Many companies looking for compliance solutions for life sciences systems are leaning heavily toward Computer Software Assurance (CSA). However, there are several things to keep in mind before implementing them into your systems. 

When getting started with CSA, companies should first determine the intended use of the software. This term is discussed in the Code of Federal Regulations, Part 820, which addresses quality system regulation. 21 CFR 820.70(i) for automated processes states that:

“When computers or automated data processing systems are used as part of production or the quality system, the manufacturer shall validate computer software for its intended use according to an established protocol. All software changes shall be validated before approval and issuance. These validation activities and results shall be documented.”
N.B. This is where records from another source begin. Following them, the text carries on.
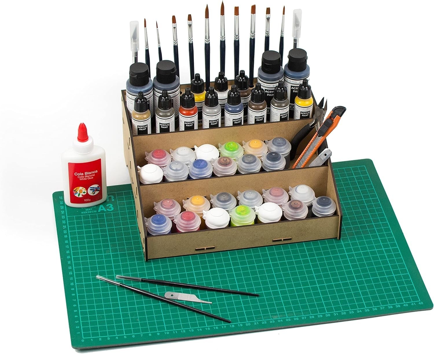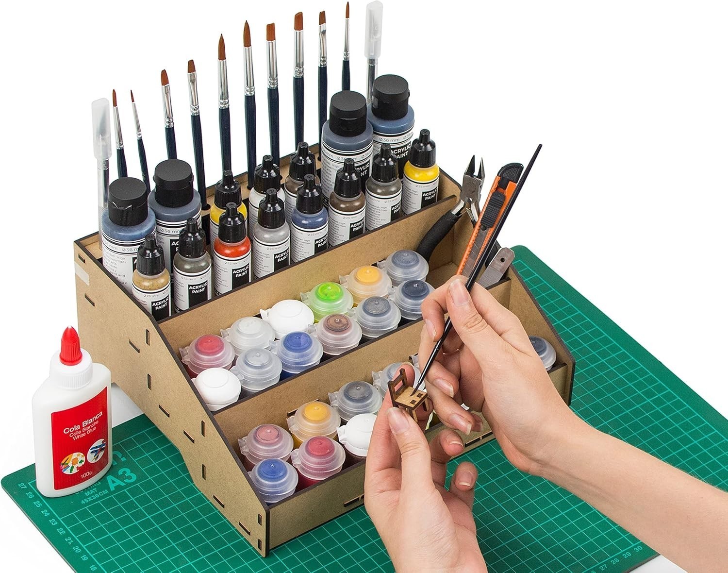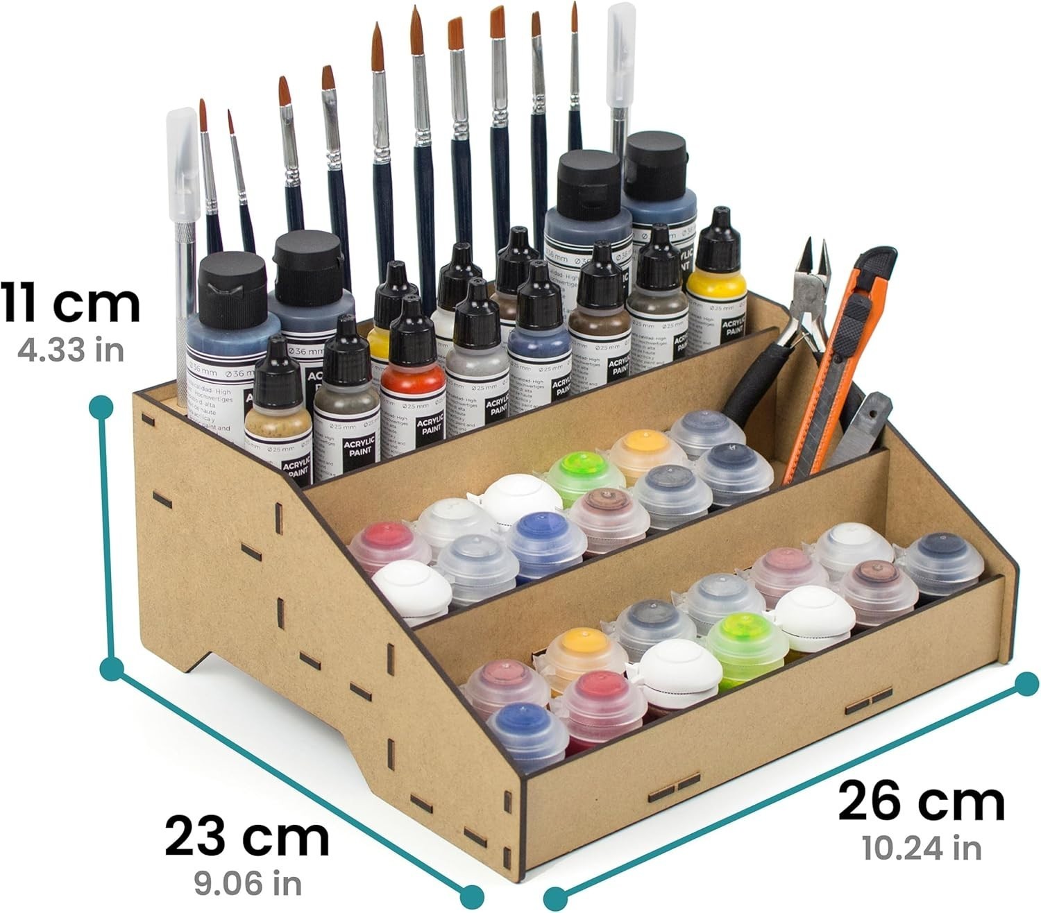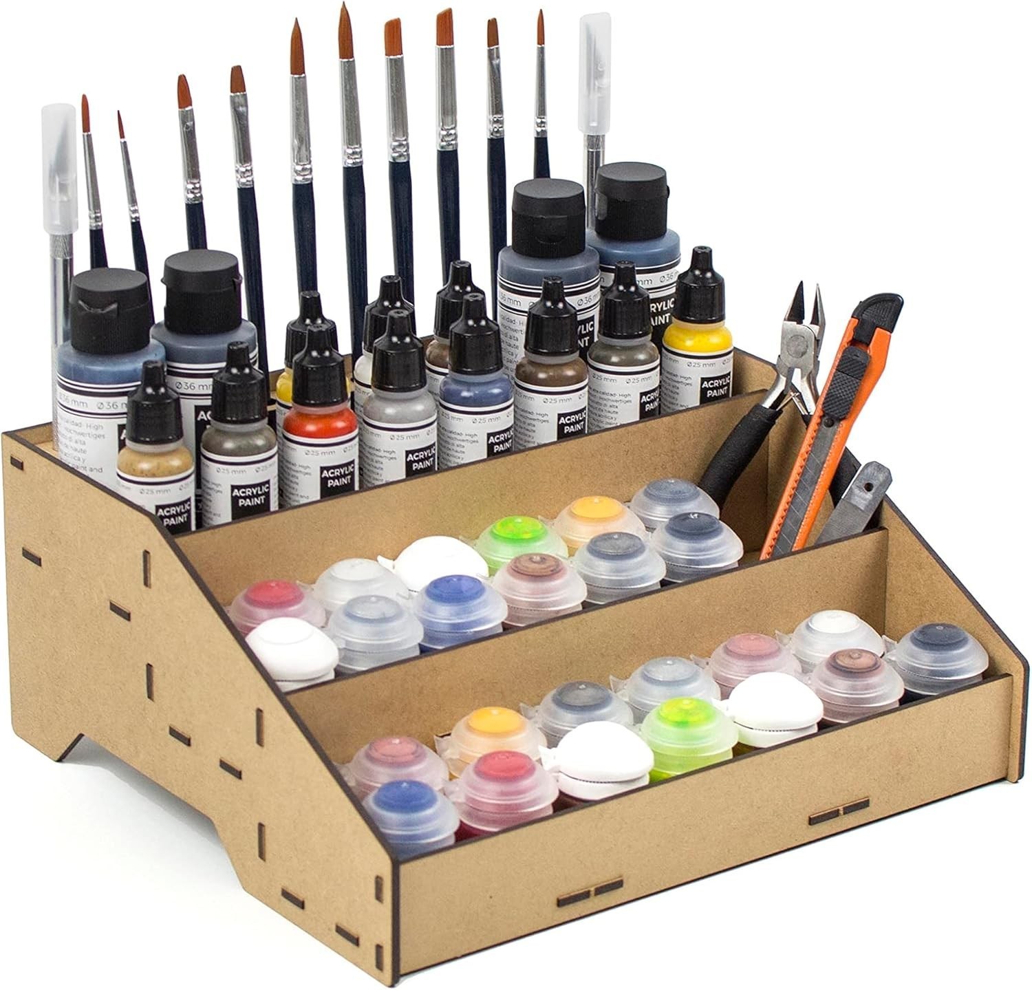 Enhance your modeling and miniature painting setup with our versatile Paint Organizer. Crafted to accommodate popular paint pots from Citadel, Vallejo, Tamiya, Army Painter, and AK Interactive, this acrylic storage solution features dedicated brush slots to keep your tools neatly organized. Its design promotes a tidy workspace, prevents spills, and simplifies stock management?making it an ideal gift for Warhammer and miniature enthusiasts. Easy to assemble with included instructions, the sturdy stand is handcrafted in , supporting local craftsmanship. Please verify the diameter of your paint pots before purchasing.
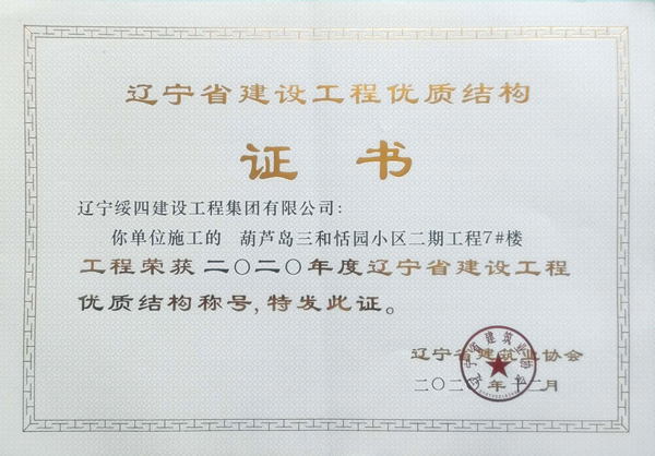“葫蘆島三和恬園小區(qū)二期工程7#樓”榮獲2020年度遼寧省建設工程優(yōu)質(zhì)結(jié)構(gòu)稱號
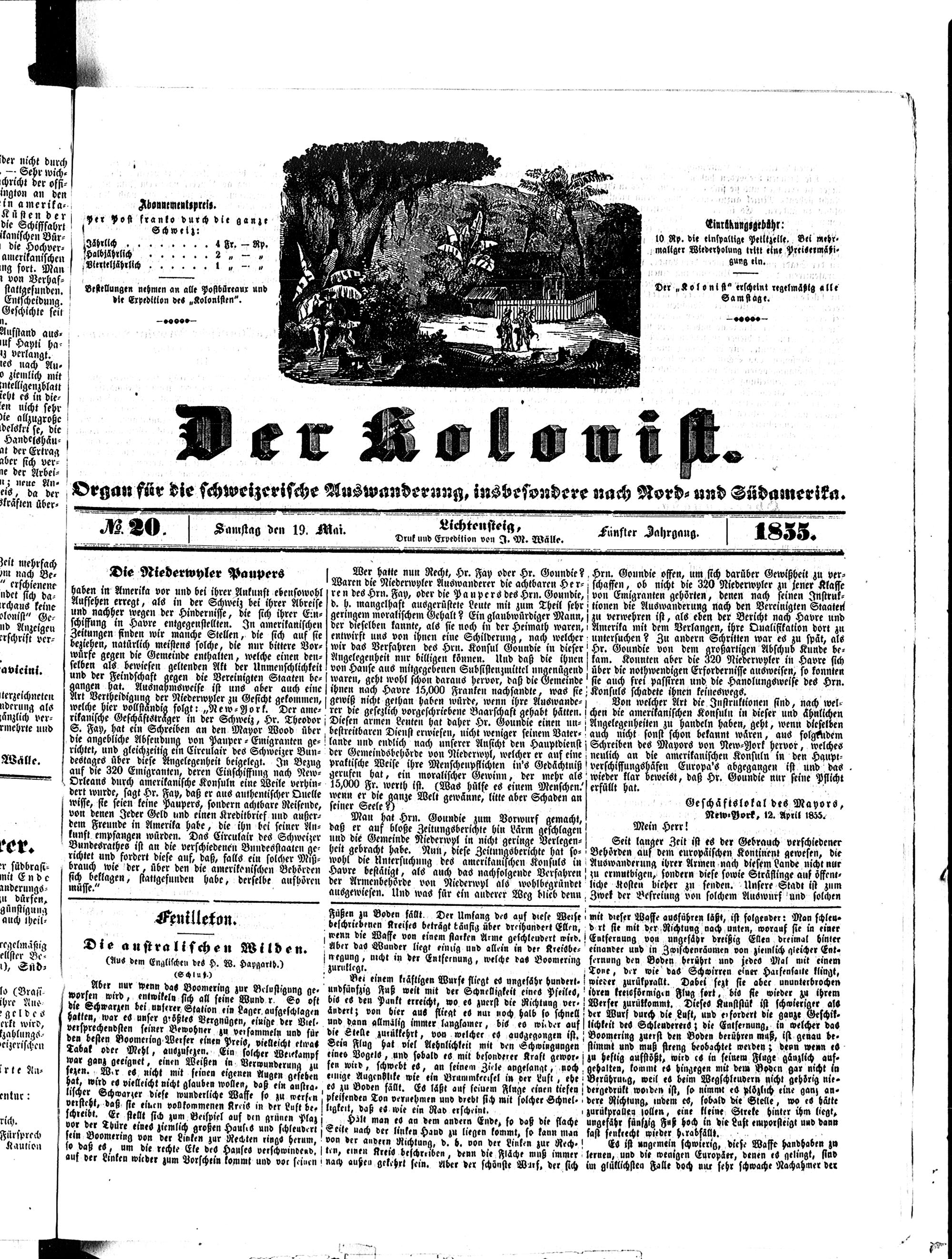 Der Kolonist : Organ zum Schutze, Beistand und Belehrung schweizerischer Auswanderer
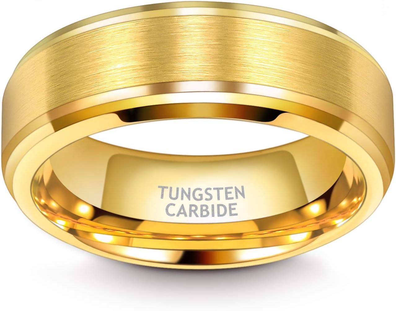 TRUMIUM 6mm 8mm Mens Womens 24K Gold Plated Tungsten Wedding Ring Band Brush Finish Scratch Resistant Size 5-14(8mm 24k gold plated)
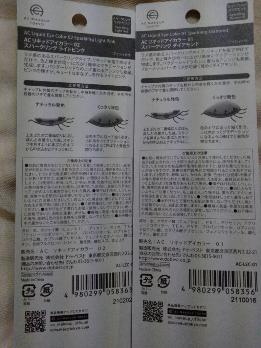 【100円とは思えない輝き…】AC#リキッドアイカラー【色味】▶︎01スパークリングダイアモンドクリアベースに、青やパープルに輝くオーロララメがたっぷり‼️▶︎02スパークリングライトピンクほんのり赤みのあるピンクに、ブルーラメたっぷりの血色...

As per the FDA guidance, validation is required for any software “that is used as part of production or the quality system.” It may seem obvious that any software that directly manages or controls the manufacturing process would be considered part of the production system. However, software that might not be a direct part of the process but supports production or the quality system (QS), could also require validation based on the guidance. Let’s take a closer look at direct and support systems. 

Related Article: Difference Between FDA CSA and CSV

Computer Software Assurance Direct Use in Production and Quality System

Systems that qualify as direct usage are those that would have a direct impact on product quality, patient safety, and integrity of the quality system. These types of systems carry a higher risk to patient safety and product quality as they are used for manufacturing, inspection, testing, the collection and processing of production and quality system data, and the ability to maintain a quality record. 

Examples include:

  • Manufacturing Execution System (MES) that control the production workflow
  • Machine Vision Systems that inspect for completeness of packaging, defects, flaws, or other irregularities
  • Data Collection and Analysis Systems that gather data from the manufacturing process and provide reports and tools for analysis. These systems are part of the quality system and have a direct relationship with product quality and patient safety.
  • Quality Management Systems handle aspects of the quality system such as controlled documents, supplier management, and quality events like CAPAs, investigations, and deviations.

Computer Software Assurance Supports Production and Quality Systems

Support systems automate testing activities for production software or monitor software systems. These types of systems might automate regression testing of the production system to ensure continuous functionality or to provide alerts if the software is not working properly. While these systems do have an impact on production and quality systems, the FDA recognizes that they present a much lower risk to patient safety and product quality.

In cases where the intended use of the software is general business purposes such as accounting, networking, or word-processing applications, these systems would be considered to have no impact on the production or quality system and, therefore, no validation is required under 21 CFR 820.70(i).

Analyzing Compliance Solutions for Life Sciences Systems

One last key point to note is that when analyzing a system for its role in production or the quality system, the system can be broken down into features, functions, and operations. FDA recognizes that software can be quite complex and that not all software functions relate to production or quality. Enterprise Resource Planning (ERP) software, for example, might have some operations that interact with the manufacturing software (order creation and closure), but the majority of the software only handles financial data. These features can be identified and classified as discussed above to lead to the risk-based approach to CSA. 

Whatever the final determination is for the system’s intended use, it is recommended that companies document their decision-making process in their Standard Operating Procedures.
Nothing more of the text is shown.